TASK STATEMENT >>
Below is a listing. Return the lines from the one that contains "Motorola toolkit Lenovo" to the one that contains "제이앤엠뉴스 | 경상국립대학교", both ends included, verbatim and with no pictures.

PROVIDED INFORMATION >>
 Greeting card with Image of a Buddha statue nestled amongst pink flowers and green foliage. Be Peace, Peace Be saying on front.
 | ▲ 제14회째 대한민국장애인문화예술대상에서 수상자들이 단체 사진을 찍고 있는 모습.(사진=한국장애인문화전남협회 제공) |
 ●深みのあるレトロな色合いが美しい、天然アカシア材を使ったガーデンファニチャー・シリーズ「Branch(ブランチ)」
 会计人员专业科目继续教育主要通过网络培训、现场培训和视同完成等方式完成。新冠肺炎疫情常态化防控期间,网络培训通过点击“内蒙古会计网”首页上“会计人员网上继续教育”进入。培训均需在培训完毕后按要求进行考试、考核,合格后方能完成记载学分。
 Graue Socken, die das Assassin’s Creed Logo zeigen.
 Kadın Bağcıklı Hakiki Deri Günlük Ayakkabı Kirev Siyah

* * *

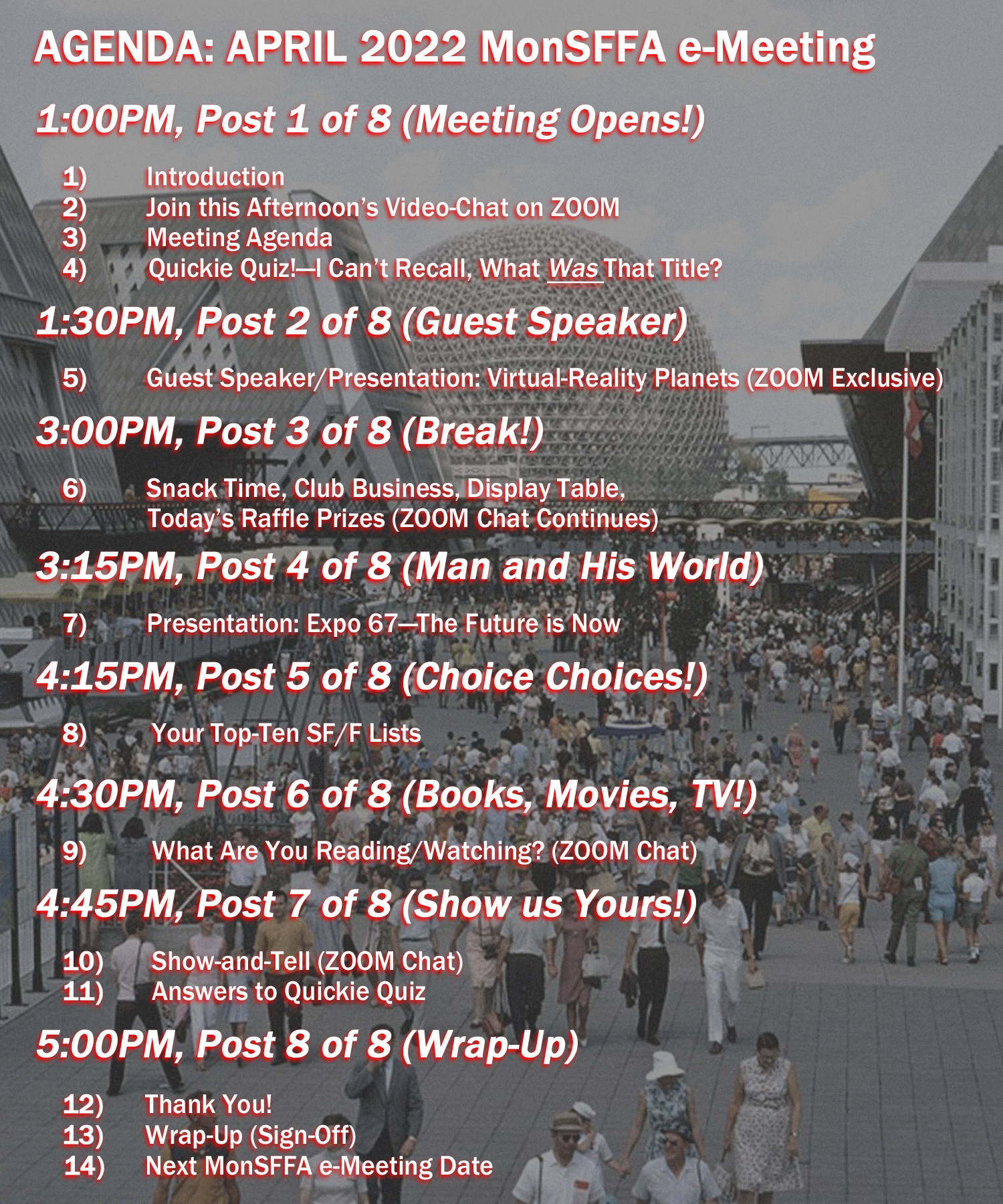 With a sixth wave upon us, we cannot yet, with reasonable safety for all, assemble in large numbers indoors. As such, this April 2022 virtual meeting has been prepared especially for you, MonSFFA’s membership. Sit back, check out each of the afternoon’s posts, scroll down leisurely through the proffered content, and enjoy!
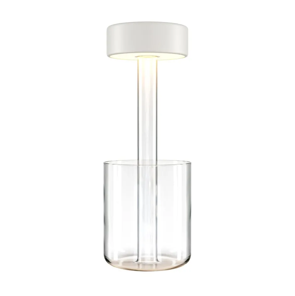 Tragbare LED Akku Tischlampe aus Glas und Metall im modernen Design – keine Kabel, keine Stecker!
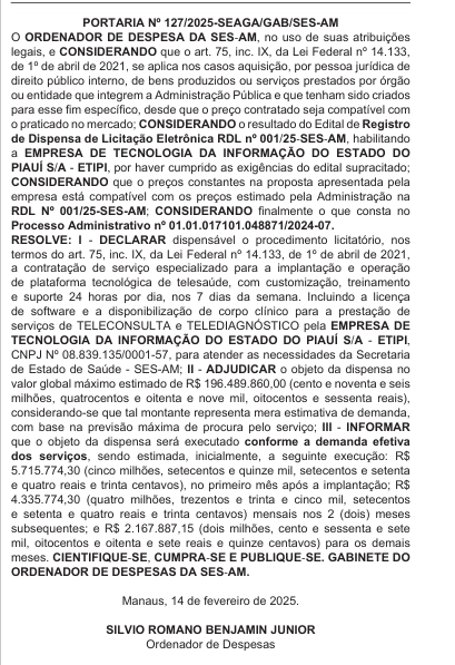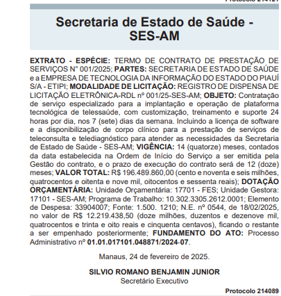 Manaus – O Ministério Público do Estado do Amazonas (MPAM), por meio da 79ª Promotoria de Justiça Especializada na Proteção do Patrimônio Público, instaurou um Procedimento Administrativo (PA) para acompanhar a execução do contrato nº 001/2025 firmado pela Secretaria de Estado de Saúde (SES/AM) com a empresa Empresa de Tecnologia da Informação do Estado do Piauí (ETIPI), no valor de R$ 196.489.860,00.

---

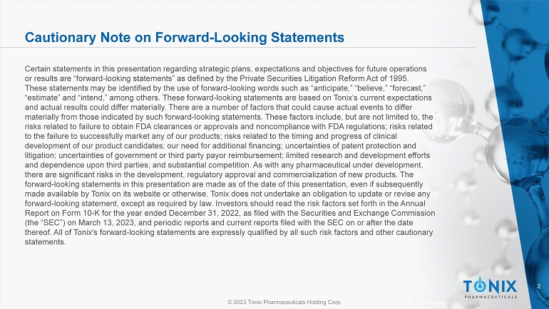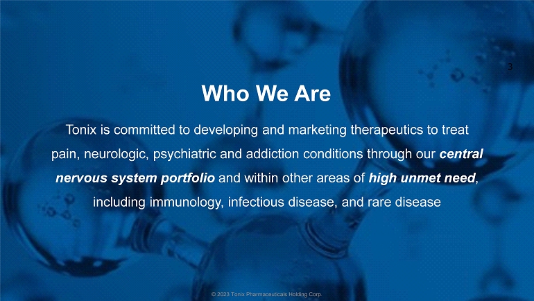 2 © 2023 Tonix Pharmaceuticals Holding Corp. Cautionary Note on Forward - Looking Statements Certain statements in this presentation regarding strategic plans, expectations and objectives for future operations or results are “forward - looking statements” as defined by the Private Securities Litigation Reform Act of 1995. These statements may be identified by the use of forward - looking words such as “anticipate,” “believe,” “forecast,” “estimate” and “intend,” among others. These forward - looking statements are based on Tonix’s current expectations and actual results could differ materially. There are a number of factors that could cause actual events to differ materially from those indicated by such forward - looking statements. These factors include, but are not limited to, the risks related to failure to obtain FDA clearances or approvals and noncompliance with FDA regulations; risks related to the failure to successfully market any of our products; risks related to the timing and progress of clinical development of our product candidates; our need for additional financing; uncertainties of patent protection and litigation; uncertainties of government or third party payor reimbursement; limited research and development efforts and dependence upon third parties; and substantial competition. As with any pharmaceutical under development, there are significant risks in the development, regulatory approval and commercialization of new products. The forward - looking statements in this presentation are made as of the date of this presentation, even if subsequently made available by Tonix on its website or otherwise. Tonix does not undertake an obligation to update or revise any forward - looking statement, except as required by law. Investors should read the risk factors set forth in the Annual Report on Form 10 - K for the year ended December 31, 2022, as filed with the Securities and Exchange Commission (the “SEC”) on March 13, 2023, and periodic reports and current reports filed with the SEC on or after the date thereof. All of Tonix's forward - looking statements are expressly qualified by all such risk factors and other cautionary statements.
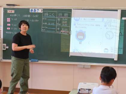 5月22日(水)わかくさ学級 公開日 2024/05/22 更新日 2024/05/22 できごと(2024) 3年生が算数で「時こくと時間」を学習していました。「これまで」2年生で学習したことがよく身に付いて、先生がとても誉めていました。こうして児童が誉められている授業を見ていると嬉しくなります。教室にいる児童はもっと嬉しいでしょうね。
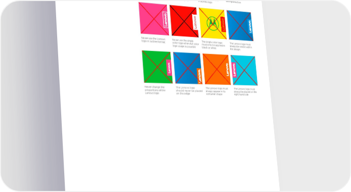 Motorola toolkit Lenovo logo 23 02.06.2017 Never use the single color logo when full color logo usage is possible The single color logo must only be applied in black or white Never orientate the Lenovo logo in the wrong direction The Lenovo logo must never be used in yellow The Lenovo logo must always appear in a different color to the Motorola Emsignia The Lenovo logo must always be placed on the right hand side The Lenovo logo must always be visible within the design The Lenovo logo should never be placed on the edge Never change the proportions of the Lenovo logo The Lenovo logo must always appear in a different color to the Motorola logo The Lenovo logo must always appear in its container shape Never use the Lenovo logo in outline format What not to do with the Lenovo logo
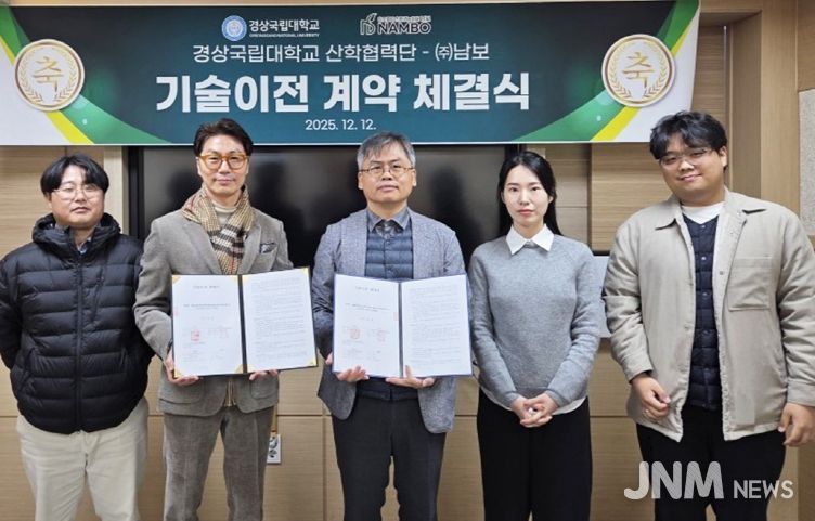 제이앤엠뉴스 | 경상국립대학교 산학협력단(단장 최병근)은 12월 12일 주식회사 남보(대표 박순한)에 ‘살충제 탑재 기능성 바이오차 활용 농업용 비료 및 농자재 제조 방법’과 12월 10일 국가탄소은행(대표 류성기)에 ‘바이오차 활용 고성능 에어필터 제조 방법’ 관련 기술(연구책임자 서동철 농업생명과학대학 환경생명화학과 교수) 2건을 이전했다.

EXERCISE RESPONSE >>
 Motorola toolkit Lenovo logo 23 02.06.2017 Never use the single color logo when full color logo usage is possible The single color logo must only be applied in black or white Never orientate the Lenovo logo in the wrong direction The Lenovo logo must never be used in yellow The Lenovo logo must always appear in a different color to the Motorola Emsignia The Lenovo logo must always be placed on the right hand side The Lenovo logo must always be visible within the design The Lenovo logo should never be placed on the edge Never change the proportions of the Lenovo logo The Lenovo logo must always appear in a different color to the Motorola logo The Lenovo logo must always appear in its container shape Never use the Lenovo logo in outline format What not to do with the Lenovo logo
 제이앤엠뉴스 | 경상국립대학교 산학협력단(단장 최병근)은 12월 12일 주식회사 남보(대표 박순한)에 ‘살충제 탑재 기능성 바이오차 활용 농업용 비료 및 농자재 제조 방법’과 12월 10일 국가탄소은행(대표 류성기)에 ‘바이오차 활용 고성능 에어필터 제조 방법’ 관련 기술(연구책임자 서동철 농업생명과학대학 환경생명화학과 교수) 2건을 이전했다.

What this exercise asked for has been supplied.